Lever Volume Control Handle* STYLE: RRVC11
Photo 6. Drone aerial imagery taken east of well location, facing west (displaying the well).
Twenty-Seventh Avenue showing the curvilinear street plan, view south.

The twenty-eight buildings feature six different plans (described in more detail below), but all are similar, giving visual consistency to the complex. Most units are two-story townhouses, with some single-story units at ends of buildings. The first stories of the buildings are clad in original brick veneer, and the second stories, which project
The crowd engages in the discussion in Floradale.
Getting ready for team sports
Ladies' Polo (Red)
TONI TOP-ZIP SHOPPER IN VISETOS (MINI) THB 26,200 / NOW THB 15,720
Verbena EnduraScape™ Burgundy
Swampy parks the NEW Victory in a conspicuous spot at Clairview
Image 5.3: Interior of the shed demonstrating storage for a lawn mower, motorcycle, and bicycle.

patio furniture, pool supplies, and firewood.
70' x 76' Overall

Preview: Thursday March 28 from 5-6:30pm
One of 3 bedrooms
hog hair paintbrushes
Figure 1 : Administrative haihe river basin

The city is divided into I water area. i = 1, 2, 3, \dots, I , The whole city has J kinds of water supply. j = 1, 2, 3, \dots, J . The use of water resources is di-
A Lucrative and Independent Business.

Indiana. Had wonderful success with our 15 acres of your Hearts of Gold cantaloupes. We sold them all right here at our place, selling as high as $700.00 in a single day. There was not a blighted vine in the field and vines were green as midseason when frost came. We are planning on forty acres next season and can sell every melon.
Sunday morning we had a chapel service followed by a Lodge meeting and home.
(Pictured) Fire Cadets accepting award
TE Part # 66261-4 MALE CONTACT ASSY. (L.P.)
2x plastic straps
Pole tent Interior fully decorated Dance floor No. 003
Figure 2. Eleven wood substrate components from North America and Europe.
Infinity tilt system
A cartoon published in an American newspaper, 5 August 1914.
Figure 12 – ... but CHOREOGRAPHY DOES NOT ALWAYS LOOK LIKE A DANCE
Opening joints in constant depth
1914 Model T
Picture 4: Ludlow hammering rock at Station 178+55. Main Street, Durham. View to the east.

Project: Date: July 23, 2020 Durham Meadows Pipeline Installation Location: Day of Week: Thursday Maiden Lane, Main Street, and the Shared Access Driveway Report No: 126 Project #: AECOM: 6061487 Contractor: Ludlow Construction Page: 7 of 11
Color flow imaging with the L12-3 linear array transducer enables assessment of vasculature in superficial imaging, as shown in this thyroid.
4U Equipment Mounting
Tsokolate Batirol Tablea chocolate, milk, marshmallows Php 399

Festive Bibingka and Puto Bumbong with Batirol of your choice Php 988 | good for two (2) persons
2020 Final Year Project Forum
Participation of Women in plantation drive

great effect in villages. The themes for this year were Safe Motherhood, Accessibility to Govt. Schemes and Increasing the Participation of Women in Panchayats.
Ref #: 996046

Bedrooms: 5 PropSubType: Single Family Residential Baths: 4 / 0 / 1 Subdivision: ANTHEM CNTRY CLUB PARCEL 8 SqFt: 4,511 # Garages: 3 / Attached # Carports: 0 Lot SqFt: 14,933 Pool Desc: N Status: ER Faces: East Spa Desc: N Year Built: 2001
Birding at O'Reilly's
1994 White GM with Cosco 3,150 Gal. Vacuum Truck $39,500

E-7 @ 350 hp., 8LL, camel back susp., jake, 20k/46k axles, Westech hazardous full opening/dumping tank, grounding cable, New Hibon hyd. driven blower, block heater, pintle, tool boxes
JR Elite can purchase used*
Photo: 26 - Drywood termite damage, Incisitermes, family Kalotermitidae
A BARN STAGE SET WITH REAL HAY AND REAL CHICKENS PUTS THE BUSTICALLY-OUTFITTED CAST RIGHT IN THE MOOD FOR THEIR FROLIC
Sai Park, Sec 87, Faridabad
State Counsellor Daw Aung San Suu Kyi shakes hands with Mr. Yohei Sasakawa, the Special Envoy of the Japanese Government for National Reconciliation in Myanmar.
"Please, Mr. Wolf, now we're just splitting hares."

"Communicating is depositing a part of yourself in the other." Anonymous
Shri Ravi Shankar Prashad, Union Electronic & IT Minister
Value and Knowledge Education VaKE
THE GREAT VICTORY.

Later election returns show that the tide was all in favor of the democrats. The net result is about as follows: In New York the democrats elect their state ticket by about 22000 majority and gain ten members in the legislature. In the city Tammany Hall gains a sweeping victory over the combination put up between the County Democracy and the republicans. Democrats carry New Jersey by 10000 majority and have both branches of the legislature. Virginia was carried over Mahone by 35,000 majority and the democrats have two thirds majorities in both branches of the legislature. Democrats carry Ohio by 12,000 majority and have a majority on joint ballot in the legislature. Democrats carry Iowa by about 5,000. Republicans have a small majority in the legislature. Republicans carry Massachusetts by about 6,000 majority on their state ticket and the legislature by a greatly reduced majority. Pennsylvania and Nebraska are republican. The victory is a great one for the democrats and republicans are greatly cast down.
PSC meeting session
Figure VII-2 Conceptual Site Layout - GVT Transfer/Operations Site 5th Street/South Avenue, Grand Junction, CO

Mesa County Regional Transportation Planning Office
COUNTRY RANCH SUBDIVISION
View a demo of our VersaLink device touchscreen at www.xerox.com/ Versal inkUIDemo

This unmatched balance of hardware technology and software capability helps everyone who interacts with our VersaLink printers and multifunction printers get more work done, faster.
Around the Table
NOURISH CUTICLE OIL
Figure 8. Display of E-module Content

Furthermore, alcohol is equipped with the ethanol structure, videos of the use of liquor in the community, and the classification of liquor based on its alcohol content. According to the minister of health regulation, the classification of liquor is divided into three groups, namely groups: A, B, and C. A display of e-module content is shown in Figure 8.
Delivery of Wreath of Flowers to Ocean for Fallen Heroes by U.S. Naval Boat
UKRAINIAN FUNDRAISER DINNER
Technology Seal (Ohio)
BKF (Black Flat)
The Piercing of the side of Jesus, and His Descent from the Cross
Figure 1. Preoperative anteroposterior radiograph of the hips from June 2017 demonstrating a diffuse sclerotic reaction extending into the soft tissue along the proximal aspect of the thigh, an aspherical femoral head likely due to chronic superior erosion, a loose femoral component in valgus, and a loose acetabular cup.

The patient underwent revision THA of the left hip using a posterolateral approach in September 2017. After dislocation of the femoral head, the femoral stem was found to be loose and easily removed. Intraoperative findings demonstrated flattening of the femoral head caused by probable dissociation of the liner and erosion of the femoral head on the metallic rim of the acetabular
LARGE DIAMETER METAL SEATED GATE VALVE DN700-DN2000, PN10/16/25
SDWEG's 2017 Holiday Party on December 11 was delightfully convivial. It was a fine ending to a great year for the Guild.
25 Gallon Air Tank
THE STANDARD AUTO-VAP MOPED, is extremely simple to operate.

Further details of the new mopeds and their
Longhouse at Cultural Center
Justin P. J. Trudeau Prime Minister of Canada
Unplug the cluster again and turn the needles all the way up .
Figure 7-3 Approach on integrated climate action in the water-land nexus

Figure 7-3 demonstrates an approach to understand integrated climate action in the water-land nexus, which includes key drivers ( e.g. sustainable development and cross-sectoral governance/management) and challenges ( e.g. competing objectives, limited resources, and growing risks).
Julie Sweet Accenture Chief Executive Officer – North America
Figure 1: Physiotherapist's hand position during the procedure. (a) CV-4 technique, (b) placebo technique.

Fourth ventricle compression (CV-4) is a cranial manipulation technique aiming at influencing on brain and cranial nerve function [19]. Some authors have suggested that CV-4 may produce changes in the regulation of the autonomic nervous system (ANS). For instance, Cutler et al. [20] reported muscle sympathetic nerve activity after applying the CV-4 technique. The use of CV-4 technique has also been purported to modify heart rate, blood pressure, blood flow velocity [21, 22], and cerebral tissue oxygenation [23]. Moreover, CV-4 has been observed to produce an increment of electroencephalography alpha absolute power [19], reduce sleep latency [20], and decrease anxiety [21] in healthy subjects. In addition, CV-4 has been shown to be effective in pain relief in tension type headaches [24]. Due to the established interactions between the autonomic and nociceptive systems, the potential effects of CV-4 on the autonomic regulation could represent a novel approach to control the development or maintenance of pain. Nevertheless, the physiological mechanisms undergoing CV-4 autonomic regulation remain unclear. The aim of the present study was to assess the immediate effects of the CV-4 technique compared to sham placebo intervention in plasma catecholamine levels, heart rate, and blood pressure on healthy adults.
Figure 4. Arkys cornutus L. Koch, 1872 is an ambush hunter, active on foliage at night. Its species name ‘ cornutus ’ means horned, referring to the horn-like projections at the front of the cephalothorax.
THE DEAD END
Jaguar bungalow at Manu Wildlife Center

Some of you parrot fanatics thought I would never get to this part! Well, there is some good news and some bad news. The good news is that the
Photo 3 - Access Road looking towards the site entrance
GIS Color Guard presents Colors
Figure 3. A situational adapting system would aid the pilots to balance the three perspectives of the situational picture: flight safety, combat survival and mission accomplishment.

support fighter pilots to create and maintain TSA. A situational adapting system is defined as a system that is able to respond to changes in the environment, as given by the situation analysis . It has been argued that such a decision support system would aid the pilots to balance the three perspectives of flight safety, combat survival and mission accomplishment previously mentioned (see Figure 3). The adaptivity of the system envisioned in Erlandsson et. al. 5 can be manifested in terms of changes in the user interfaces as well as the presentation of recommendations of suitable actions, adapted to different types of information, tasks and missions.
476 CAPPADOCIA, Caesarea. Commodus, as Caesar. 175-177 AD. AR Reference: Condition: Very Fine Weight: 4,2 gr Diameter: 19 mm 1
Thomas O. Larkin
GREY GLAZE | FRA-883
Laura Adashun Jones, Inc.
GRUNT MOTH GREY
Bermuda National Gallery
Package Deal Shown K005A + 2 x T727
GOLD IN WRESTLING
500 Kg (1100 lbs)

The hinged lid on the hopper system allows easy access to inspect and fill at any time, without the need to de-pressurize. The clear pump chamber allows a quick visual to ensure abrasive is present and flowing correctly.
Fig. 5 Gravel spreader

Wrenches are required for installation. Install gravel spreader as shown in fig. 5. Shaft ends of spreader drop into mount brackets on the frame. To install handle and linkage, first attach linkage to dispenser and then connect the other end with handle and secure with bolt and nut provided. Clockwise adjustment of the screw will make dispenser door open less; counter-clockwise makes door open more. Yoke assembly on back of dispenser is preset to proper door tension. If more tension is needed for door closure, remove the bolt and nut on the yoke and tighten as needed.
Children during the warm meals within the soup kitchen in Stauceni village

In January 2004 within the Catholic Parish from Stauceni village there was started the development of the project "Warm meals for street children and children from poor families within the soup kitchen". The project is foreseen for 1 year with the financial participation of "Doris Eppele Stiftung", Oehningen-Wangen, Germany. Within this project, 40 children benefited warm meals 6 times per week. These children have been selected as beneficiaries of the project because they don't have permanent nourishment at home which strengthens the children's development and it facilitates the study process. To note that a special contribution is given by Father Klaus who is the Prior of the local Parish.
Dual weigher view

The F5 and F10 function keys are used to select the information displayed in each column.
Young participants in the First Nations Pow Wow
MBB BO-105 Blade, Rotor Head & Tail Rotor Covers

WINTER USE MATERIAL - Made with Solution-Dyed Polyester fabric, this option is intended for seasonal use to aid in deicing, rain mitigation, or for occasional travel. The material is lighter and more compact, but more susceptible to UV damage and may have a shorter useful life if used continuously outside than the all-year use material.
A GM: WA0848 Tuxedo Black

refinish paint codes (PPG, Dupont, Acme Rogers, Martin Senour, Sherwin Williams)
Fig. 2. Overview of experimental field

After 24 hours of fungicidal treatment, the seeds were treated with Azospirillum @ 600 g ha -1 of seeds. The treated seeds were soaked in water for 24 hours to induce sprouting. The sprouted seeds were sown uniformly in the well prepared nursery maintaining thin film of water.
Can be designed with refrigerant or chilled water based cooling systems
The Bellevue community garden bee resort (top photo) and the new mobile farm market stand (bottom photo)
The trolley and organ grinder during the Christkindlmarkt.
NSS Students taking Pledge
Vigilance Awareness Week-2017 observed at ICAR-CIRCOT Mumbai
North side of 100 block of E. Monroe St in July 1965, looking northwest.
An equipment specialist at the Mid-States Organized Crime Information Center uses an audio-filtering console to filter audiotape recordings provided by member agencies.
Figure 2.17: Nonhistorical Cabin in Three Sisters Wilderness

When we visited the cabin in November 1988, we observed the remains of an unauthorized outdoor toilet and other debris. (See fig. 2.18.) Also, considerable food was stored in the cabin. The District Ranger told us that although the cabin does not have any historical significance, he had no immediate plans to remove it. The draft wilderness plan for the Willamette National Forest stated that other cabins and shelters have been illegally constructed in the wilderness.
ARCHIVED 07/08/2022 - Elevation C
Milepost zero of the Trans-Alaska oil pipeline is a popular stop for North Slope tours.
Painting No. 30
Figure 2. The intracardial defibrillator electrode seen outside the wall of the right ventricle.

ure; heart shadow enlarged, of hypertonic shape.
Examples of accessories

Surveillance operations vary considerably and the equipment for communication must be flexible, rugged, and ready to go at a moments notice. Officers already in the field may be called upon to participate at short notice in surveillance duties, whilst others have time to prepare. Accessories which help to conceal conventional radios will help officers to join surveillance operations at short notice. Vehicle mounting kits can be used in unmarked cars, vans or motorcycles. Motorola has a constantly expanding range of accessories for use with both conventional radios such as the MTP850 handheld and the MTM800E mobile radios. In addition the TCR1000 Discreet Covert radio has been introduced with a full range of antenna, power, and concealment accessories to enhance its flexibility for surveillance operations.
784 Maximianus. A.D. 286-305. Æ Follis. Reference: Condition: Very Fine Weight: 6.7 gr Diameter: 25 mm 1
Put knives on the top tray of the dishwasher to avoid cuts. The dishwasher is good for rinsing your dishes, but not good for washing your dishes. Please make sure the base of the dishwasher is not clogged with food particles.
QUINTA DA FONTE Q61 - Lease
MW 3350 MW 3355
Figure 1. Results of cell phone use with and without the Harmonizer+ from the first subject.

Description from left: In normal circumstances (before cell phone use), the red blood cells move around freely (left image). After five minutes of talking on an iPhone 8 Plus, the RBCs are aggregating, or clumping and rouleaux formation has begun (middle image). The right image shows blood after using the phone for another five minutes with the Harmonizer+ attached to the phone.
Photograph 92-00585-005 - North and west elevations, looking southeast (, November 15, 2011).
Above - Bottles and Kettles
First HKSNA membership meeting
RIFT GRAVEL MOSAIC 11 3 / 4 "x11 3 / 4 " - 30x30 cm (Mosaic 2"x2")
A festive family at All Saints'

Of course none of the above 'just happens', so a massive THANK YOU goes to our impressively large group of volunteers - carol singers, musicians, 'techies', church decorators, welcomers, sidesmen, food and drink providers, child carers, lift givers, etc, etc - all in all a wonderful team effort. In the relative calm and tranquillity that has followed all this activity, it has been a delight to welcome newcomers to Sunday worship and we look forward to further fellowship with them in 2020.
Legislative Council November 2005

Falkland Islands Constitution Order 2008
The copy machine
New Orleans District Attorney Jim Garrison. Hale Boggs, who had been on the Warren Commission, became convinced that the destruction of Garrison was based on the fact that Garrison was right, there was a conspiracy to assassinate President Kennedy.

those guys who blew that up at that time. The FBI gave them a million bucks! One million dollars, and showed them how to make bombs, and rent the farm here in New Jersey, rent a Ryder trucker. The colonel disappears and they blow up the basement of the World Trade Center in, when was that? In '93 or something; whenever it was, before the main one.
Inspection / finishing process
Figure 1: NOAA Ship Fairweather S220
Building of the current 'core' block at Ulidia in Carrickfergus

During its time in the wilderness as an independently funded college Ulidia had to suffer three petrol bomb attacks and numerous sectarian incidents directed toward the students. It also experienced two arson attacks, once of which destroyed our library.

━━━━━━━━━━

Your task:
Within the material above, extract exactly the lines that start at the line containing "25 Gallon Air Tank" and stop after the line containing "Unplug the cluster", and only those.

Reply:
25 Gallon Air Tank
THE STANDARD AUTO-VAP MOPED, is extremely simple to operate.

Further details of the new mopeds and their
Longhouse at Cultural Center
Justin P. J. Trudeau Prime Minister of Canada
Unplug the cluster again and turn the needles all the way up .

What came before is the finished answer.